• [Given data]

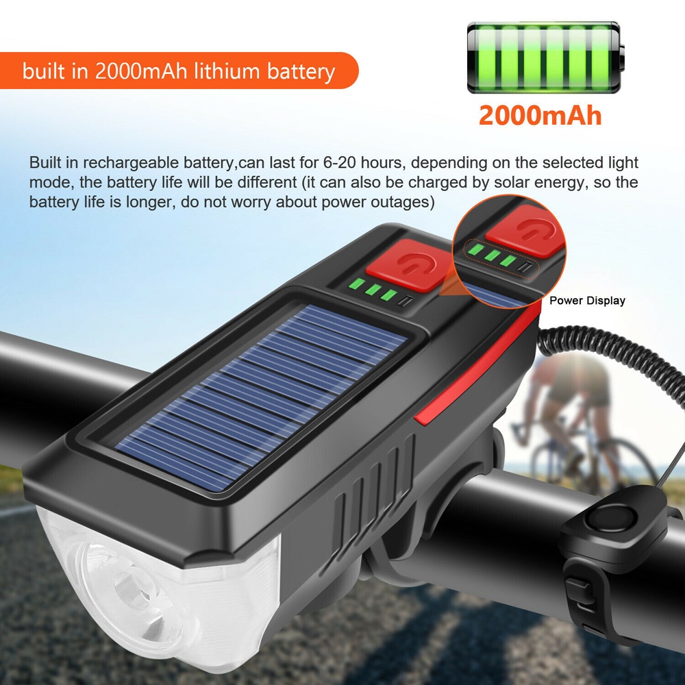 Đèn Pha T6 Led Sạc Usb Có Còi Gắn Xe Đạp Leo Núi Sử Dụng Năng Lượng Mặt Trời 3 Chế Độ
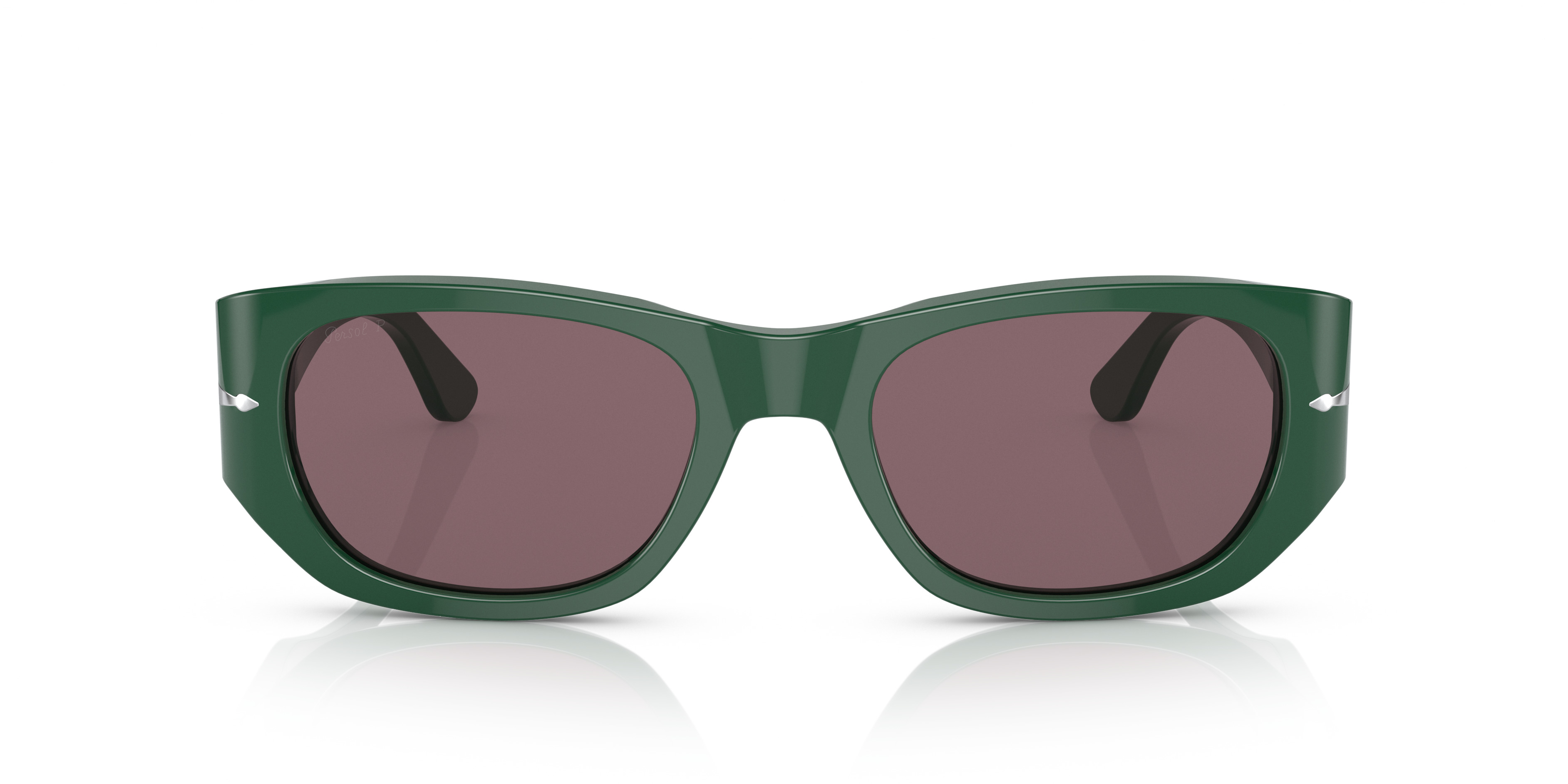 This Persol sun style features new bold 24mm temple execution with the Maflecto and iconic arrows that finish on the front. Acetate frames characterized by rich colorways. MODEL CODE: PO3307S 1171AF 55-21 FRONT COLOR: Green LENS COLOR: Dark Violet Polarized LENS MATERIAL: Crystal FRAME MATERIAL: Acetate FIT: Regular Fitting BRIDGE CHOICE & NOSEPAD: High Bridge Fit MADE IN: Italy
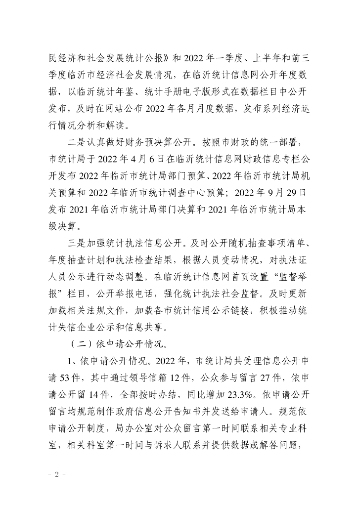 临沂市统计局2022年政府信息公开工作年度报告.pdf
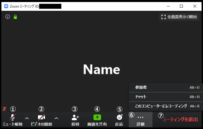 ミーティングを退出 : ミーティングを退出します.押した後確認画面が出るため,ボタンを押したらいきなり退出するわけではありません.
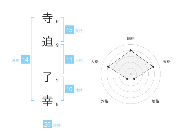 寺迫 了幸さんの総格は25画の4点!
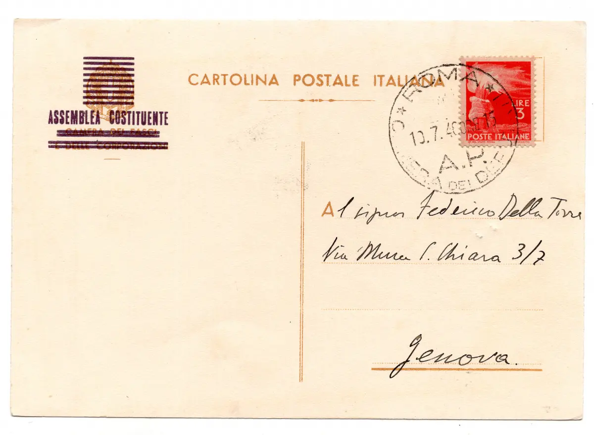 Postkarte - Verfassungsgebende Versammlung - Frankierte Postkarte mit 3 Lire Demokratica Nr. 553 gereist nach Genua am 10.7.46 - Abfahrt Jahr. Abgeordnetenhaus - Die Postkarte hieß Bündel- und Zunftkammer und wurde mit violettem Stempel überdruckt - Ungewöhnlich Cod. 258/17
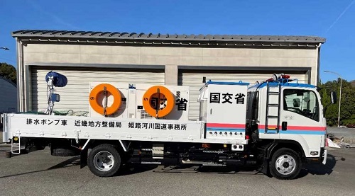 排水ポンプ車は台風や集中豪雨により浸水した場所に出動し、あふれた水を排水する車です。
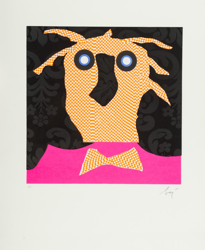 Enrico Baj (Milano 1924 2003) Senza titolo Serigrafia su cartoncino, cm. 60x50, es. X/X Firma in basso a destra, tiratura e timbro a secco "Studio Marconi Grafica", in basso a sinistra.
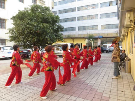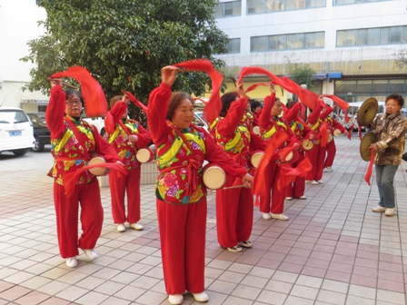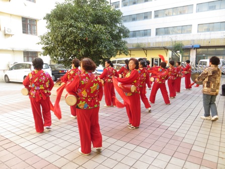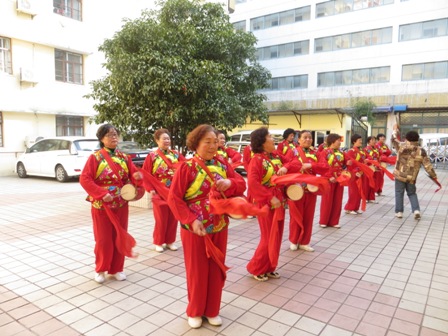 居委会张书记也给我们活动的开场带来了一段喜庆的腰鼓队表演,让春节的气氛一下弥散到整个敬老院。
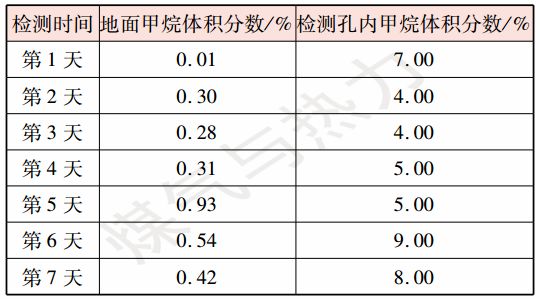表1   E管道地面與孔內(nèi)甲烷體積分?jǐn)?shù)
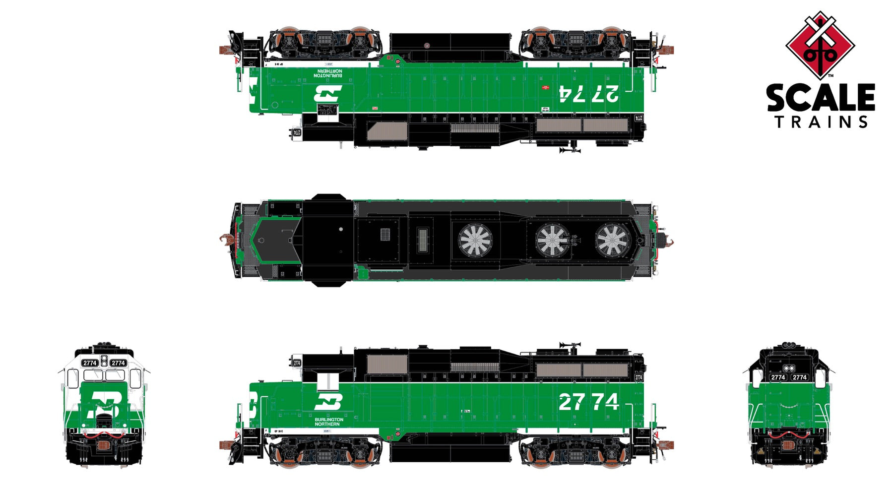 - LED-illuminated “hemisphere” walkway lights on hood rear end and at end of raised walkway duct; EMD slot-style lights on front short hood end*
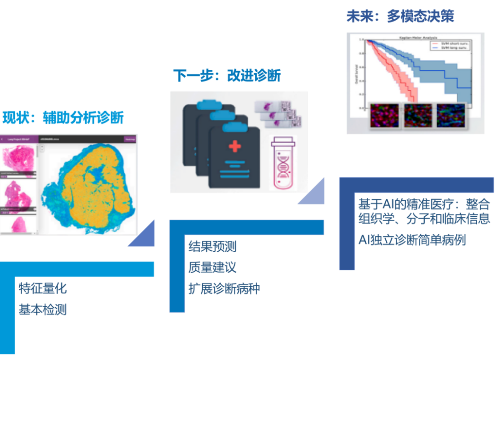 在诊断方面,在病例发送给病理医生之前,可以用AI帮助筛查意外事件,例如组织污染、微生物污染等;在诊断结束后,还可以用AI进行复核,给出错误警告。
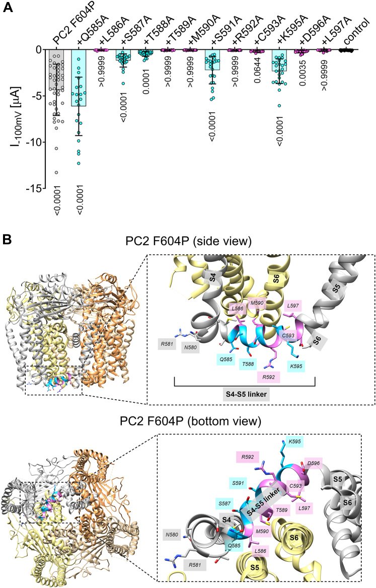 Figure 11. The apparent molecular interaction of the S4-S5 linker of one PC2 subunit with the adjacent S6 transmembrane domain of the neighboring subunit is probably critical for PC2 F604P ion channel function.A, in experiments as described in Figure 3, whole-cell currents were measured in oocytes expressing PC2 F604P without or with additional alanine substitutions as specified. Maximal baseline inward currents in NaCl ØCa2+ØMg2+ solution at −100 mV (mean ± SD and individual data points) are shown. Alanine mutants of PC2 with (partially) preserved ion channel function are colored in cyan, mutants with a complete LOF effect are colored in magenta. p values for comparisons with the control group were calculated using Kruskal–Wallis and Dunn's multiple comparisons test (N = 2–5, n = 12–45; N indicates the number of different batches of Xenopus laevis oocytes, and n indicates the number of individual oocytes analyzed per experimental group). B, side and bottom view of human PC2 F604P in ribbon representation generated using atom coordinates from Protein Data Bank entry 6D1W (23). Individual PC2 subunits are depicted in different colors. The insets show a portion of PC2 F604P on an expanded scale. Residues within the S4-S5 linker are in sticks representation and colored in cyan or magenta according to the functional data shown in (A). PC2, polycystin-2; LOF, loss of function. |
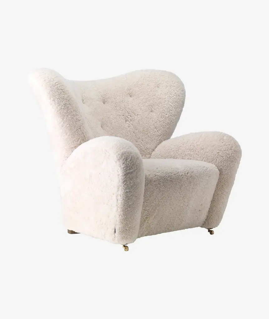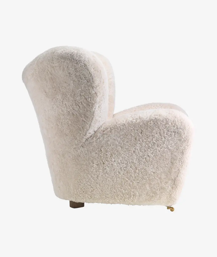 The Tired Man was launched at the Copenhagen Cabinetmakers’ Guild Exhibition in 1935 and has since become an icon of Danish design. The epitome of craftsmanship and comfort, the characteristically curved armchair was designed by Flemming Lassen to feel “as warm and snug as a polar bear cub in the arms of its mother.” Relaunched in 2015, the award-winning design is offered in plush upholstery, including sheepskin in a nod to the original, and with natural or dark-oiled oak heartwood legs and front brass casters for easy movement. A corresponding footstool ensures further comfort.
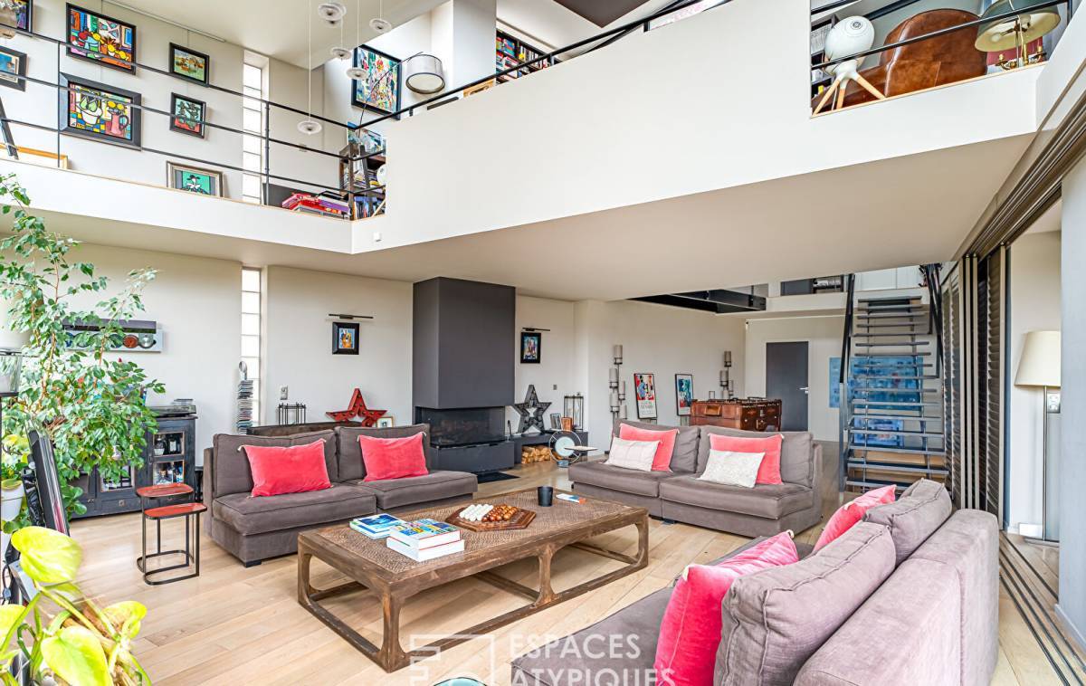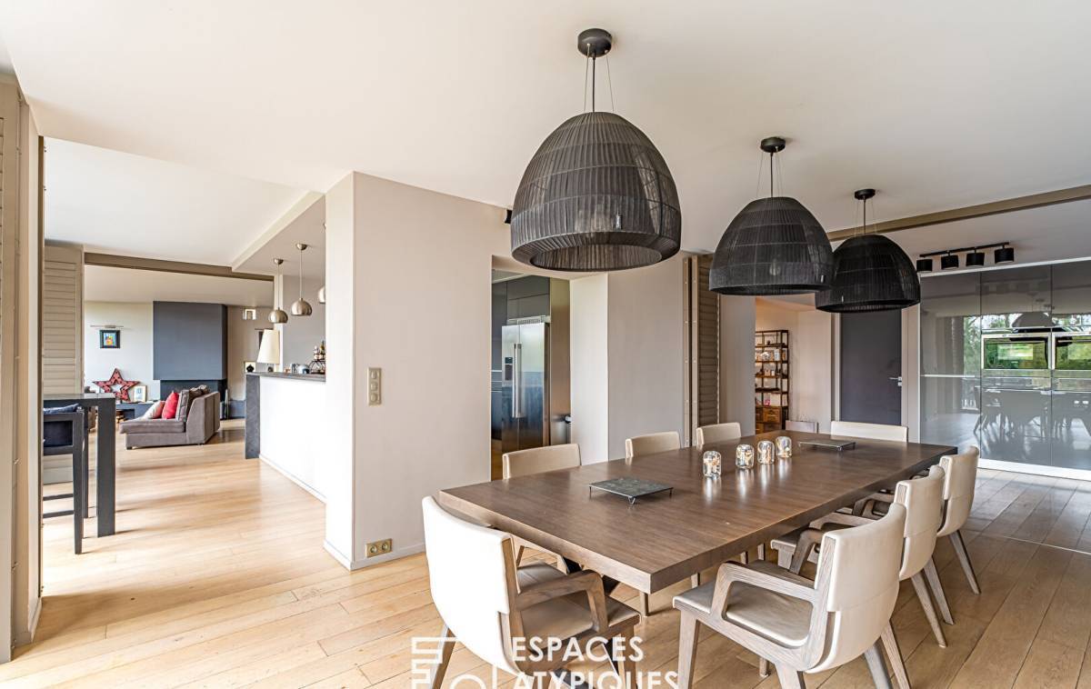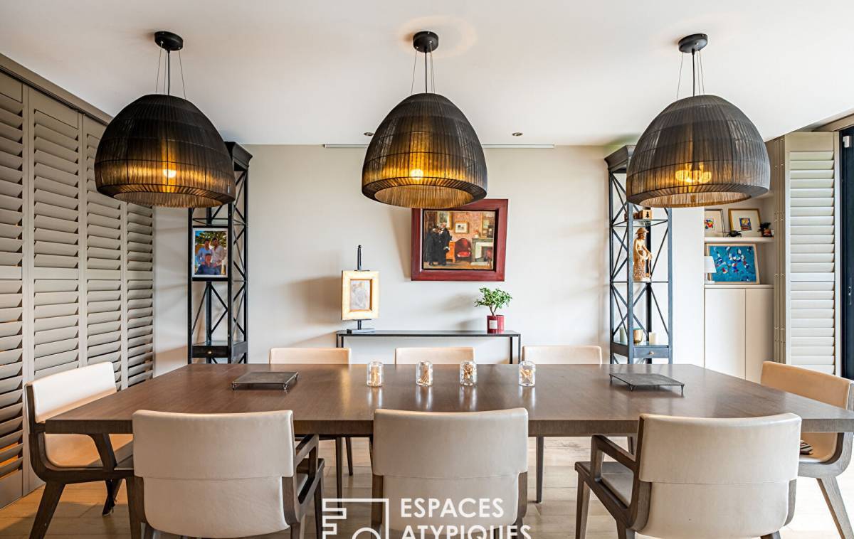 From the entrance, the tone is set with a plunging view of a reception with generous volumes, omnipresent light and optimized layout. The cathedral living room, bathed in light thanks to full-height bay windows, opens onto a huge terrace overlooking a vast terraced garden, extremely rare in this area. The fireplace and the movable partitions allow you to modulate the space according to your desires, for warm moments with family or large receptions with friends.

• [Prompt]
Line by line, reproduce the material above exactly, leaving each picture out.

• [Result]
 Đèn Pha T6 Led Sạc Usb Có Còi Gắn Xe Đạp Leo Núi Sử Dụng Năng Lượng Mặt Trời 3 Chế Độ
 This Persol sun style features new bold 24mm temple execution with the Maflecto and iconic arrows that finish on the front. Acetate frames characterized by rich colorways. MODEL CODE: PO3307S 1171AF 55-21 FRONT COLOR: Green LENS COLOR: Dark Violet Polarized LENS MATERIAL: Crystal FRAME MATERIAL: Acetate FIT: Regular Fitting BRIDGE CHOICE & NOSEPAD: High Bridge Fit MADE IN: Italy
 临沂市统计局2022年政府信息公开工作年度报告.pdf
 ミーティングを退出 : ミーティングを退出します.押した後確認画面が出るため,ボタンを押したらいきなり退出するわけではありません.
 寺迫 了幸さんの総格は25画の4点!
 Postkarte - Verfassungsgebende Versammlung - Frankierte Postkarte mit 3 Lire Demokratica Nr. 553 gereist nach Genua am 10.7.46 - Abfahrt Jahr. Abgeordnetenhaus - Die Postkarte hieß Bündel- und Zunftkammer und wurde mit violettem Stempel überdruckt - Ungewöhnlich Cod. 258/17
 排水ポンプ車は台風や集中豪雨により浸水した場所に出動し、あふれた水を排水する車です。
 Enrico Baj (Milano 1924 2003) Senza titolo Serigrafia su cartoncino, cm. 60x50, es. X/X Firma in basso a destra, tiratura e timbro a secco "Studio Marconi Grafica", in basso a sinistra.
 居委会张书记也给我们活动的开场带来了一段喜庆的腰鼓队表演,让春节的气氛一下弥散到整个敬老院。
表1   E管道地面與孔內(nèi)甲烷體積分?jǐn)?shù)
 - LED-illuminated “hemisphere” walkway lights on hood rear end and at end of raised walkway duct; EMD slot-style lights on front short hood end*
 在诊断方面,在病例发送给病理医生之前,可以用AI帮助筛查意外事件,例如组织污染、微生物污染等;在诊断结束后,还可以用AI进行复核,给出错误警告。
 Figure 11. The apparent molecular interaction of the S4-S5 linker of one PC2 subunit with the adjacent S6 transmembrane domain of the neighboring subunit is probably critical for PC2 F604P ion channel function.A, in experiments as described in Figure 3, whole-cell currents were measured in oocytes expressing PC2 F604P without or with additional alanine substitutions as specified. Maximal baseline inward currents in NaCl ØCa2+ØMg2+ solution at −100 mV (mean ± SD and individual data points) are shown. Alanine mutants of PC2 with (partially) preserved ion channel function are colored in cyan, mutants with a complete LOF effect are colored in magenta. p values for comparisons with the control group were calculated using Kruskal–Wallis and Dunn's multiple comparisons test (N = 2–5, n = 12–45; N indicates the number of different batches of Xenopus laevis oocytes, and n indicates the number of individual oocytes analyzed per experimental group). B, side and bottom view of human PC2 F604P in ribbon representation generated using atom coordinates from Protein Data Bank entry 6D1W (23). Individual PC2 subunits are depicted in different colors. The insets show a portion of PC2 F604P on an expanded scale. Residues within the S4-S5 linker are in sticks representation and colored in cyan or magenta according to the functional data shown in (A). PC2, polycystin-2; LOF, loss of function. |
 The Tired Man was launched at the Copenhagen Cabinetmakers’ Guild Exhibition in 1935 and has since become an icon of Danish design. The epitome of craftsmanship and comfort, the characteristically curved armchair was designed by Flemming Lassen to feel “as warm and snug as a polar bear cub in the arms of its mother.” Relaunched in 2015, the award-winning design is offered in plush upholstery, including sheepskin in a nod to the original, and with natural or dark-oiled oak heartwood legs and front brass casters for easy movement. A corresponding footstool ensures further comfort.
 From the entrance, the tone is set with a plunging view of a reception with generous volumes, omnipresent light and optimized layout. The cathedral living room, bathed in light thanks to full-height bay windows, opens onto a huge terrace overlooking a vast terraced garden, extremely rare in this area. The fireplace and the movable partitions allow you to modulate the space according to your desires, for warm moments with family or large receptions with friends.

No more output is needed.